The bioactivity data is preprocessed and filtered by converting the datatype of standard value from object to float, deleting entries with missing values, keeping only entries with standard units (nanomolar), deleting duplicate molecules, resetting the data frame index, and renaming the columns. The molecular structures are linked to respective bioactivity ChEMBL IDs. Thus, the compound data are also preprocessed and filtered by removing entries with missing entries, deleting duplicate molecules, and getting molecules with canonical SMILES.68 Then, the values of interest found in bioactivities_df and compounds_df data frames are merged in the data frame output_df based on the ChEMBL IDs of compounds.

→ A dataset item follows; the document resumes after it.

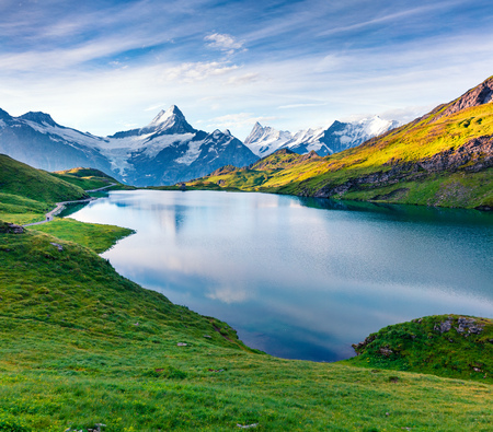 Colorful summer evening on Bachalpsee lake with Schreckhorn and Wetterhorn peaks on background. Green morning scene in the Swiss Bernese Alps, Switzerland, Europe. Beauty of nature concept background.
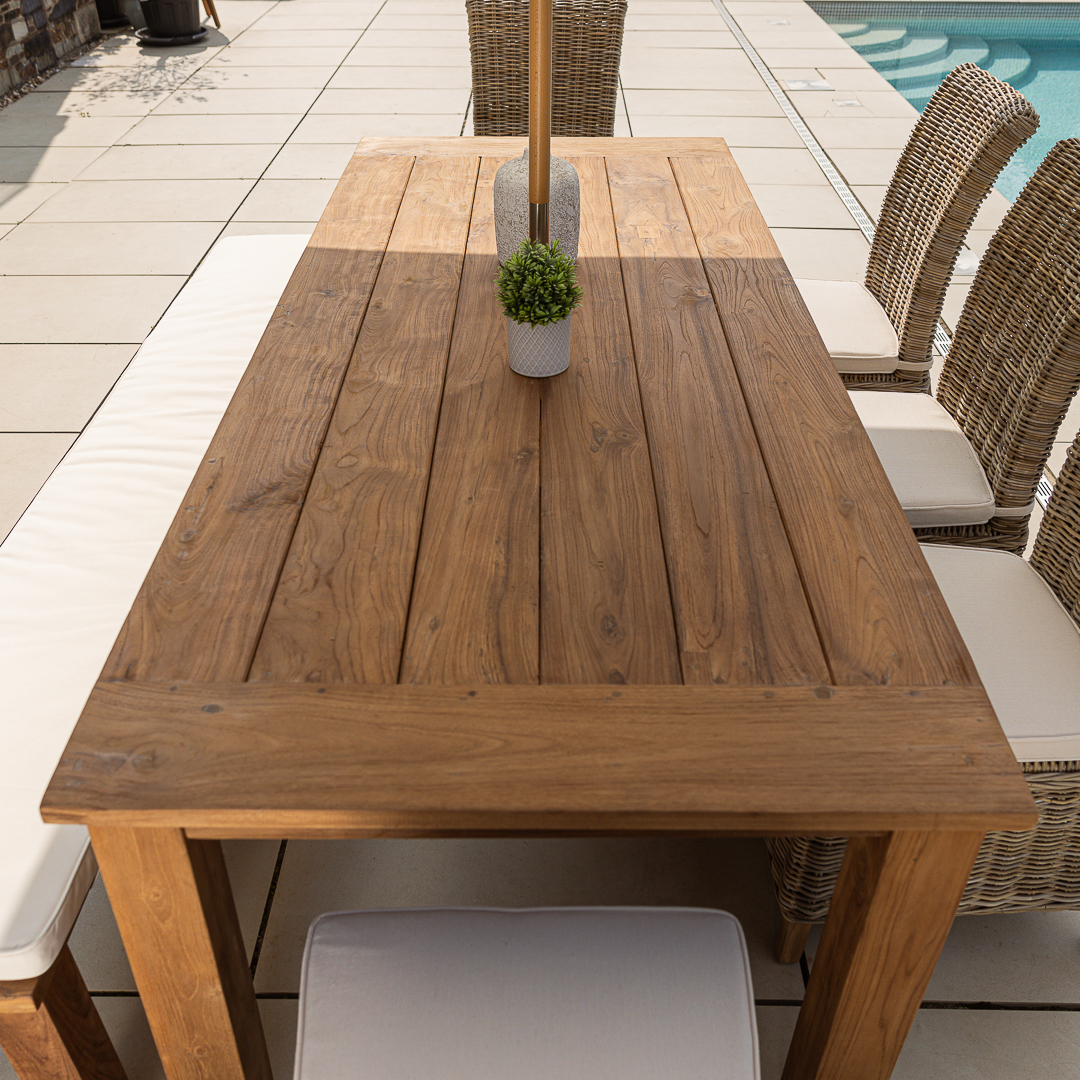 200cm Rectangular Natural Reclaimed Teak Outdoor Straight Leg Dining TableIn stock

The Lipinski rule of five77,78 and PAINS filtering26 were applied to the EGFR dataset (in output_df data frame) for compliancy as already implemented in RDKit.60,62 The number of compounds with and without PAINS was obtained. Then, an external list provided by Brenk et al.25 was used to further filter the EGFR dataset to get the substructure matches and search the filtered data frame for these matches with the unwanted substructures. Then, the structural alert list found here was applied to filter the EGFR dataset. The underlying SMARTS patterns79 in these fragments were used to highlight the substructures within the filtered molecules using RDKit.60,62
From the multitask classifier function from the DeepChem library,60 12 tasks and 1024 features using the ECFP fingerprint were classified to create a multitask classification model that had the best loss function after 200 to 300 epochs as part of the hyperparameter optimization. The featurizers MACCS,80 MAT,60 PubChem,60 and TokenizerSmiles81 were tested as part of the hyperparameter optimization but all results were like those found by the ECFP featurizer so that only this last one is presented here. Table 1 presents the results regarding the metrics obtained in the model validation and testing. It is noted that the data are reasonably promising because the accuracies of the model validation and testing are in the range of 0.71–0.77 in both Clintox and Sider datasets. This means that the model is considerably accurate and coherent for the two test datasets, not showing significant overfitting or underfitting.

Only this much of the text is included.